Problem #5: Estate Planning. Reason: Procrastination. Solution: Get off your butt and get your estate planning documents done. Learn strategies that provide tax-efficient distributions at death, but also while alive. With improper planning, the government will become one of your beneficiaries.

Problem 6: Sequence of return risk. Reason/Result: The key to any successful investment outcome is the ability to manage the volatility that is inherent in the stock market. Not understanding the significance of withdrawing monies from investments when the market is down in the early years of retirement can be costly. Solution: Have a reserve that one can turn to during down markets.

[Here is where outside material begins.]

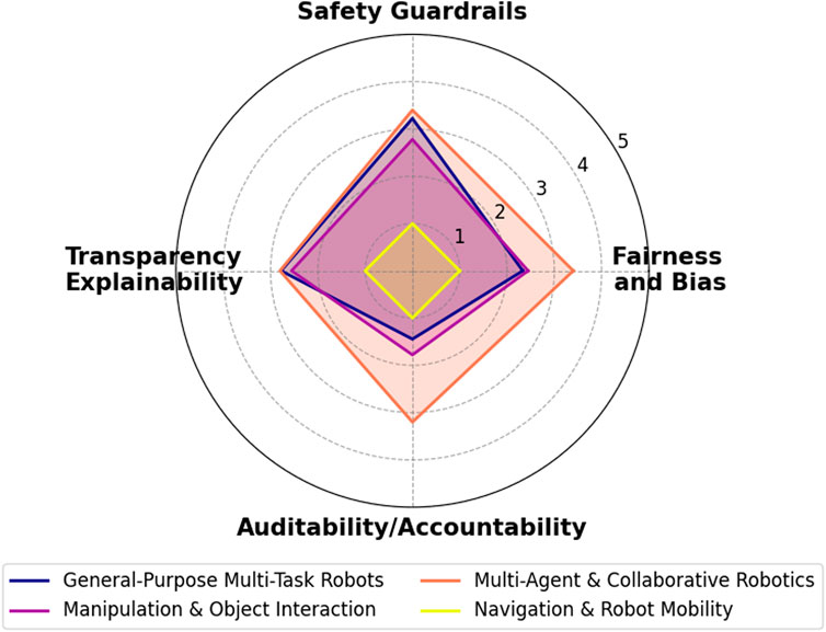 Manipulation and Object Interaction robots consistently emphasize technical safety and robustness, effectively integrating multimodal grounding or affordance-based filtering to limit unsafe actions. Techniques such as those employed by MOO and SayCan strongly illustrate this trend, resulting in comparatively high safety scores. However, the manipulation domain remains weak in fairness, transparency, and governance; few systems explicitly address demographic biases, and transparency usually depends on the specific approach (e.g., code-based outputs like ProgPrompt offer better interpretability).

Problem 7: Fees and Expenses. Reason: Most investors are not aware of their options for advisory fees. Their current advisory team is charging a percentage for managing investments, a method creating conflicts of interest, as well as overcharging for the services they are rendering. Solution: Implement flat fees based on the complexity of one’s financial situation. This will eliminate the conflict of interest from the advisor and can save well over $1,000,000 in fees.

Problem 8: Satisfied with the status quo. Reason/Result: Is in love with their current advisory team even though they are not receiving proactive advice to accumulate more wealth … by the way, whose money is it? Yours or your advisors? Would you not want a second opinion? Solution: Incorporating the Family Net Worth concept will motivate the family to go the extra mile and understand how incorporating philanthropy will lead to more wealth accumulation as well as eliminate the government participation in your planning.